Ukraine "is ready to help restore the energy grids" after the blackouts affecting Spain and Portugal, as just declared by the Ukrainian Energy Minister, German Galuschenko. "We are willing to share the knowledge and experience, including those acquired during the systematic Russian attacks on the energy infrastructure," Galuschenko stated in a publication on X.
Red Eléctrica, the Spanish electricity transmission operator, indicated that the cause of the blackout was unknown at the moment, but in Kiev, many believe it could be a cyber sabotage from Moscow, similar to those suffered by Kiev since 2015.
The major blackout in the Iberian Peninsula has been widely discussed in Ukrainian media, where certain hacker groups close to Russia are suspected of causing the chaos, although the Government has not commented on this situation pending further information.
In December 2015, Ukraine became the first country in the world to suffer a blackout caused by a cyber attack. The hack left 250,000 people without power in the country's west in the middle of winter. It was the prelude to a new era of hybrid conflicts, where weapons are not always missiles or bullets, but lines of malicious code to infiltrate a system to steal its data or damage it to make it stop working.
The attack was meticulously planned for months. The hackers from the Russian group Sandworm, the perpetrators of the attack, had resources akin to a state and likely its support, as they also had ties to Moscow's intelligence services. According to Andy Greenberg, a reporter for the magazine Wired who studied them for his book of the same name, "Sandworm is not just a group of hackers. It is a cyber military force serving a state, and its battlefield is the whole world."
Sandworm agents infiltrated the networks of three Ukrainian electricity companies using social engineering techniques: a simple email with an attachment infected with the BlackEnergy malware allowed the attackers to remotely take control of the SCADA systems, the digital brains that manage electricity distribution.
At 3:30 p.m. on December 23, the attackers launched their offensive. From a distance, they disconnected electrical switches, disabled backup systems, and overwrote software with the KillDisk malware to render recovery systems inoperable. They even blocked call centers so citizens couldn't report the outages. The level of coordination surprised cybersecurity experts worldwide.
A year later, in December 2016, the aggressors struck again, this time with a more sophisticated tool: Industroyer, also known as CrashOverride. Unlike its predecessor, this malware did not require human intervention once inside the system. Its ability to communicate directly with industrial protocols—such as IEC-101 and IEC-104, common in European power grids—made it an autonomous weapon. Although its impact was limited to about an hour of blackout in Kiev, it demonstrated an alarming advancement: the ability to automate an electrical sabotage on a large scale.
Both incidents marked a turning point in cybersecurity history. Ukraine, far from being a passive victim, reacted swiftly.

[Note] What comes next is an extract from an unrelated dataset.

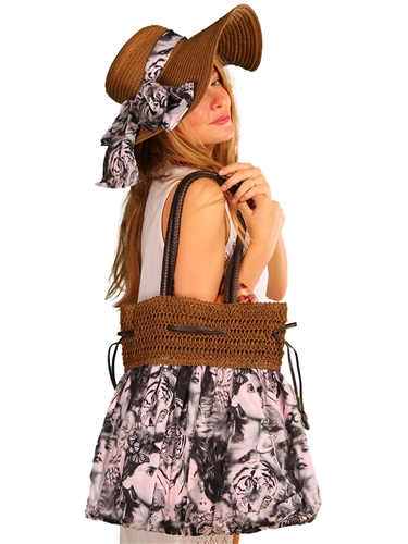 Состав: шляпа-20% хлопок 60% бумага 20% п/эстер,сумка-100% вискоза

It physically separated its critical networks from the internet, reinforced its response teams, established constant monitoring protocols, and implemented realistic attack drills. Certain critical structures returned to analog control, and its experience became a global case study, laying the groundwork for defensive strategies applied even in countries like the United States, Germany, or Japan.

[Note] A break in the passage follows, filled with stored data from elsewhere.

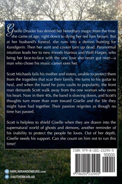Giselle Draxler has denied her hereditary magic from the time she came of age, including dying her red hair brown. But at her husband's funeral, she runs into a demon hunting for Kundigerin. Then her aunt and cousin turn up dead. Paranormal intuition leads her to new friends Marissa and Wolf Harper, who bring her face-to-face with the one love she never got over-a man who chose his music career over her. Scott Michaels fails his mother and sisters, unable to protect them from the tragedies that scar their family. He turns to his guitar to heal, and when the band he joins vaults to popularity, the front man demands Scott walk away from the one woman who owns his heart. Now in their 40s, the band is slowing down, and Scott's thoughts turn more than ever toward Giselle and the life they might have had together. Their passion reignites as though no time has passed. Scott is helpless to shield Giselle when they are drawn into the supernatural world of ghosts and demons, another reminder of his inability to protect the people he loves. Out of her depth, Giselle needs his support. Can she count on him not to run this time?
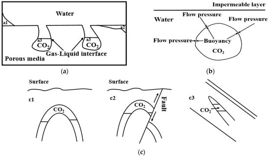 Schematic diagram of CO2 storage mechanism in saline aquifers: (a) residual trapping ((a1) dissolved trapping; (a2) mineralization trapping; (a3) residual trapping); (b) hydrodynamic trapping; (c) structural trapping ((c1) anticline trapping; (c2) block trapping; (c3) pinch out trapping).
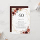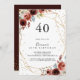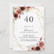 Cette parties scintillant d'or géométrique printemps 40e anniversaire invitation est parfait pour une simple fête d'anniversaire. Le design est composé de belles fleurs peintes à la main rose, rousse, bleue et bordeaux, associées à un feuillage vert, qui ornent un cadre de parties scintillant en or géométrique.
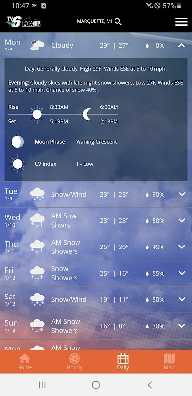 وTV6 وFOX UP الطقس التطبيقات تشمل ما يلي:
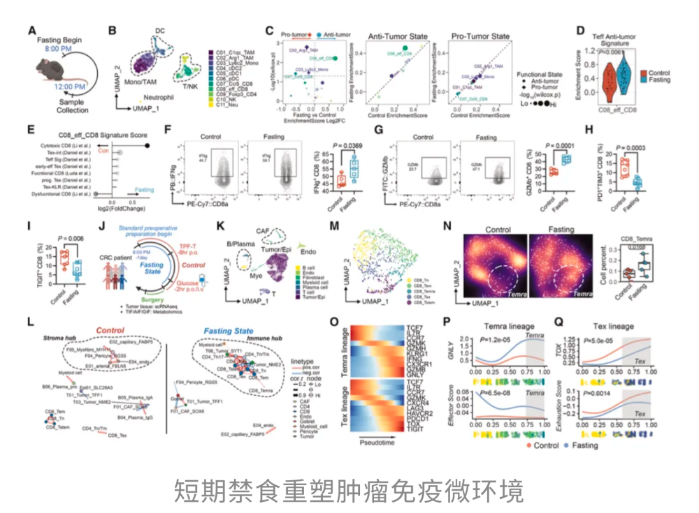 结果观察到,短期禁食同样能够在人类结直肠癌患者体内重塑肿瘤免疫微环境。CD8⁺T细胞同样更倾向于走向细胞毒性更强、耗竭程度更低的状态。

This attack showed the world that 21st-century conflicts are not only fought in trenches but also in servers. And that a simple click can plunge an entire city into darkness.
Mark Galeotti, one of the most renowned experts in Russian security and hybrid warfare, has extensively studied the use of cyber attacks as strategic tools within modern warfare, especially by Moscow: "These actions allow for destabilizing, intimidating, or weakening the enemy without firing a single shot. The attacks on Ukraine in 2015 and 2016 served to demonstrate power and vulnerability simultaneously. Hybrid warfare is more about theater and perception than territorial dominance." "The real danger lies not only in isolated attacks but in persistent campaigns that lay the groundwork for future sabotage (known as pre-positioning)," states Russian-American security analyst Dimitri Alperovitch.